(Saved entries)
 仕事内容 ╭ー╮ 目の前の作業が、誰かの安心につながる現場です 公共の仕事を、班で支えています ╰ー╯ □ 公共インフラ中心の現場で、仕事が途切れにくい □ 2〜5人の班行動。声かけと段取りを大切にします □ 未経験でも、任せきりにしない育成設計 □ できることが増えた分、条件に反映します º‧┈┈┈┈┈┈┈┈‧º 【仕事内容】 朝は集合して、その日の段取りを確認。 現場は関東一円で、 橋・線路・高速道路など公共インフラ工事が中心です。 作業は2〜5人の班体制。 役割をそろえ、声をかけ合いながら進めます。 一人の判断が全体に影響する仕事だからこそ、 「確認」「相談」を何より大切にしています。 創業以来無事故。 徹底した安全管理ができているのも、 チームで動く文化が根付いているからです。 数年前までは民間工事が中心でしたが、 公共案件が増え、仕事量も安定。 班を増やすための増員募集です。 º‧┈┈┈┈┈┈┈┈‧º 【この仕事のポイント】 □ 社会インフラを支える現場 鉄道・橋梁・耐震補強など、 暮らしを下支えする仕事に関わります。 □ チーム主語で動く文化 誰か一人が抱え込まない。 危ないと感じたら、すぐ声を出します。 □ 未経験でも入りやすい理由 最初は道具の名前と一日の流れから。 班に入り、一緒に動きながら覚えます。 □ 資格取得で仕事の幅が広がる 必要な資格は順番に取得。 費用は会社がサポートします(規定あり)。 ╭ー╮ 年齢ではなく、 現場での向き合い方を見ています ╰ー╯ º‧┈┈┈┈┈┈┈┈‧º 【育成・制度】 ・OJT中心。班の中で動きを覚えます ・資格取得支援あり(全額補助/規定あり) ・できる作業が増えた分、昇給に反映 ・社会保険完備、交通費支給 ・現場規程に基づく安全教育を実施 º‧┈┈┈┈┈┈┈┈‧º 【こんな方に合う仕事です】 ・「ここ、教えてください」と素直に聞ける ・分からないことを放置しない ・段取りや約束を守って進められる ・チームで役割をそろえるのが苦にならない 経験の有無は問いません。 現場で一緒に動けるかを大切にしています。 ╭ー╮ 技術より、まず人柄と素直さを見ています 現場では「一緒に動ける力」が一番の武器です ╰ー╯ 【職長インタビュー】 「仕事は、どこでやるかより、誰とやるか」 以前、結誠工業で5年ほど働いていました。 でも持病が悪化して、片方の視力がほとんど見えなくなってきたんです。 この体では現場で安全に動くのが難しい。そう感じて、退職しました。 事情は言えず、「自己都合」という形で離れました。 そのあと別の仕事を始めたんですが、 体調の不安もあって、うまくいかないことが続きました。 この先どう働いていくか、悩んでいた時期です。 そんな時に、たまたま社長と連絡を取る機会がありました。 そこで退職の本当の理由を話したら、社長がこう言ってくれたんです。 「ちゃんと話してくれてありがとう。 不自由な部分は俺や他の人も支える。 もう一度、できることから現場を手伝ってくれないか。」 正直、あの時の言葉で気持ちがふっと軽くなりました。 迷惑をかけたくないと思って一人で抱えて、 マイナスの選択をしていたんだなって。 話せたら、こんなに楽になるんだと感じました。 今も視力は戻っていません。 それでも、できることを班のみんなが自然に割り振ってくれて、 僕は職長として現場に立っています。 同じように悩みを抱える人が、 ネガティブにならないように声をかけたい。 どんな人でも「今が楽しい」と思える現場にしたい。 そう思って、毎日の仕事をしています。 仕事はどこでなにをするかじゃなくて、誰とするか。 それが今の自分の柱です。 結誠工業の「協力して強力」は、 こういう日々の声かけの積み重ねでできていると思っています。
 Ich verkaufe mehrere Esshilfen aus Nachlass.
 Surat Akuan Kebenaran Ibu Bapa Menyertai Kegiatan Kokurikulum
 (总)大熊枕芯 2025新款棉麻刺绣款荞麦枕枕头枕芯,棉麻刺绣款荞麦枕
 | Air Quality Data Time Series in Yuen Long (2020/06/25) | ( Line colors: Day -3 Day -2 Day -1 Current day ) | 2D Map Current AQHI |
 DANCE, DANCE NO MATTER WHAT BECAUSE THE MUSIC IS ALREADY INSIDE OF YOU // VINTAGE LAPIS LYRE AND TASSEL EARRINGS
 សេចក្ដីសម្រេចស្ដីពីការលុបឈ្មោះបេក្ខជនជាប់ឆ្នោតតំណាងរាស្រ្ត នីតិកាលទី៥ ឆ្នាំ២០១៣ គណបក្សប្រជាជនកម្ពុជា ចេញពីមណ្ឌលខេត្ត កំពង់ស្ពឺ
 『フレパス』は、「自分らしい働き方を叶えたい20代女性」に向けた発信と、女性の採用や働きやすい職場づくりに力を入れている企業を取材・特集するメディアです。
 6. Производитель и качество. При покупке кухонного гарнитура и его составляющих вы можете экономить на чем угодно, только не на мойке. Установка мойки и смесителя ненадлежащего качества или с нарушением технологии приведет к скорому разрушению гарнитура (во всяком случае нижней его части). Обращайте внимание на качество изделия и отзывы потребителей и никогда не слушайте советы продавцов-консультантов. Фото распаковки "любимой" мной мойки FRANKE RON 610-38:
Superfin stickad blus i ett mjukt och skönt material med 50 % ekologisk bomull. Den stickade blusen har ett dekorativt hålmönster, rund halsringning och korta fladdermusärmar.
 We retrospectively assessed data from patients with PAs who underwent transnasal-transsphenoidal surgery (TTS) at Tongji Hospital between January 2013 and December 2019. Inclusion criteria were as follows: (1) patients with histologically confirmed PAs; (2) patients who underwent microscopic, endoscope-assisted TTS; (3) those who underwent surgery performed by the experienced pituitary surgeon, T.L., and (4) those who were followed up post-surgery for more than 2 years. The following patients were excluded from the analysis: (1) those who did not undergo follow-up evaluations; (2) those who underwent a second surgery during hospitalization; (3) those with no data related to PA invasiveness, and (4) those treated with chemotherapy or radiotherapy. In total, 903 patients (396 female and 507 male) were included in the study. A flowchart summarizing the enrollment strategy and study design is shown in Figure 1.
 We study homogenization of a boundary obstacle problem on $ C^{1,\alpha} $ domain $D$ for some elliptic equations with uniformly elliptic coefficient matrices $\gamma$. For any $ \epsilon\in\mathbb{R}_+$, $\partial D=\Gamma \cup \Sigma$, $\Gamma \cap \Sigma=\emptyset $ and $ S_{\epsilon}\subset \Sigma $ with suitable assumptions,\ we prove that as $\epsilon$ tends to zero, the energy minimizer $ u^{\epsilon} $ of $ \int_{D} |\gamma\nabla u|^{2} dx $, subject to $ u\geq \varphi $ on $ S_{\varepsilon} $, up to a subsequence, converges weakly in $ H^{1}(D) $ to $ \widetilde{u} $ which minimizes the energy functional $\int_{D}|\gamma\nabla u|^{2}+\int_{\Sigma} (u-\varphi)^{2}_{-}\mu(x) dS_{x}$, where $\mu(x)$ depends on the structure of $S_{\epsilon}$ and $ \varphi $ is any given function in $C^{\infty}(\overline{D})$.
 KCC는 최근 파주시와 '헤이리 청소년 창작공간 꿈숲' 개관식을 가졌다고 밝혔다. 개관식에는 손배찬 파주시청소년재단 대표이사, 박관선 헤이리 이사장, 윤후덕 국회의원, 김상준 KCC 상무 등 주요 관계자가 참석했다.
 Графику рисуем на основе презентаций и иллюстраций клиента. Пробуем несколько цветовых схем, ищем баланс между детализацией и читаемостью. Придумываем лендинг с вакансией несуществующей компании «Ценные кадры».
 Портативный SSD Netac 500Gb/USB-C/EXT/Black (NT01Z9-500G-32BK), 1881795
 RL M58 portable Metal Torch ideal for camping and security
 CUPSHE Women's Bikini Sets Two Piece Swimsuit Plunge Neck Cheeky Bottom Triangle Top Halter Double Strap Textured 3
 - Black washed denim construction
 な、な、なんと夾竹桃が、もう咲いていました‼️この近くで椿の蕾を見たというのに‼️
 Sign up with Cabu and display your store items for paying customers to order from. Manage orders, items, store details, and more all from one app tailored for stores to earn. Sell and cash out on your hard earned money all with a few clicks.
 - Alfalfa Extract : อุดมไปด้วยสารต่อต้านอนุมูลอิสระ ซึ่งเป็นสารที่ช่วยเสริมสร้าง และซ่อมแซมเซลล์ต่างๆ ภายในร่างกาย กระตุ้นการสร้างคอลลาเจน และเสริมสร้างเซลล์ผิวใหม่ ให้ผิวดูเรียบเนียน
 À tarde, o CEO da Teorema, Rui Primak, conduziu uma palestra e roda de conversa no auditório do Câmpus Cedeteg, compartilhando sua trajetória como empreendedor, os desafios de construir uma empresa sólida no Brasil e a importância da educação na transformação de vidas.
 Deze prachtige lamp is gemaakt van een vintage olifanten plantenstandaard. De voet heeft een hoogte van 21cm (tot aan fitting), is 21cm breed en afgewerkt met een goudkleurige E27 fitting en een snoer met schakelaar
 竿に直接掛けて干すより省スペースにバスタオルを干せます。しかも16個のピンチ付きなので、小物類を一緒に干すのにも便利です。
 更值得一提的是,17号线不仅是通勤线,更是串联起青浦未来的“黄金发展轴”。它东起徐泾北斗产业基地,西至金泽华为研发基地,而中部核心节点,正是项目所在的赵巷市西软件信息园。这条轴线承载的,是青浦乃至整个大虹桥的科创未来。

What to work on
Exact copies of the lines from the one holding "竿に直接掛けて干すより省スペ" through the last line above, and only those, make up the answer.

Response
 竿に直接掛けて干すより省スペースにバスタオルを干せます。しかも16個のピンチ付きなので、小物類を一緒に干すのにも便利です。
 更值得一提的是,17号线不仅是通勤线,更是串联起青浦未来的“黄金发展轴”。它东起徐泾北斗产业基地,西至金泽华为研发基地,而中部核心节点,正是项目所在的赵巷市西软件信息园。这条轴线承载的,是青浦乃至整个大虹桥的科创未来。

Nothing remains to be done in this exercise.